NEW PORT RICHEY — Medical Center of Trinity, the new hospital that hosted an open house last month in anticipation of a December launch, will sit empty until next year. And, once the move to the Trinity facility is approved, the old Community Hospital site in New Port Richey will be left without an emergency room. Only the psychiatric ward will remain.
Hospital officials attributed the moving delay to state inspections taking longer than expected.
"A survey of a building our size will take additional time, and while a disappointment, this is not unexpected for a complex construction like ours," spokeswoman Mary Sommise said in a news release.
Hospital officials originally expected to continue to operate an emergency room and psychiatric ward on the New Port Richey site once the hospital moved to Trinity. But they decided instead to close the old ER after state regulators said that the extensive renovations needed would require services to be interrupted.
"Unfortunately, since our ER is in an older portion of the building, a tremendous amount of construction will need to occur therefore, the Emergency Department will close on the day that we move patients to the Trinity campus," the news release said.

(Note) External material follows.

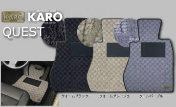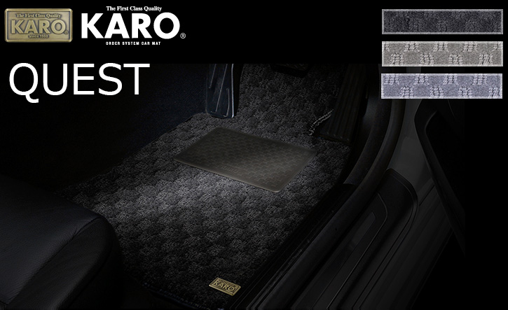 KAROが開発した特殊化学繊維にカット&ループ製法を施し、長い毛足と豊かなボリュームを実現した最高級品です。高密度で丹念に織り上げられたクエストは抜群の防音効果と断熱効果をもたらし、車内に静寂、快適な空間を提供し、圧倒的なボリュームを持って重厚な車格を演出します。さらにクエストはSG加工を施してありますので、汚れや油分をはじきます。クエストは原反製造の技術改良により、摩擦でおこる毛羽立ちや毛玉が従来品(KAROism)と比べて大幅に減少しました。また、裏加工のラバーフォームを増量しバッキング工程を改良したことでさらに防音効果が増しました。

Most of the new Trinity hospital's first floor has been fully inspected. It includes all service areas such as emergency care, surgical suites, diagnostic imaging, heart and vascular suites, pharmacy, laboratory, food and nutrition and comprises 200,157 square feet.
The remaining three floors have had 80 percent inspected and will soon be completed, officials said.
The news about the ER came as no surprise to New Port Richey City Council member Robert Marlowe.
"I had heard that was a possibility. If I have to go the ER, I guess I'll have to go to North Bay," said Marlowe, referring to nearby Morton Plant North Bay Hospital.
Marlowe said he wondered whether hospital officials would end up following through with plans for the psychiatric ward given the lack of an ER.
"It usually is a feeder," he said.
But Community Hospital officials said they have received approval from the state to keep psych services downtown "subject to some structural modifications we will move forward with."
City leaders, who expressed concern when HCA-owned Community Hospital announced plans to move its operations to more well-heeled Trinity and leave only ER and mental health services in New Port Richey, were matter of fact when they learned ER plans had been scrapped.
"The city is trying to work with the hospital in trying to find a use for that particular site," Mayor Bob Consalvo said. "We know the challenges with that. An old hospital site is very difficult to reuse. We're working with coming up with solutions."
Consalvo said he expects the process to take a long time.
"We're talking five, 10, 15 years before anything is out there," he said.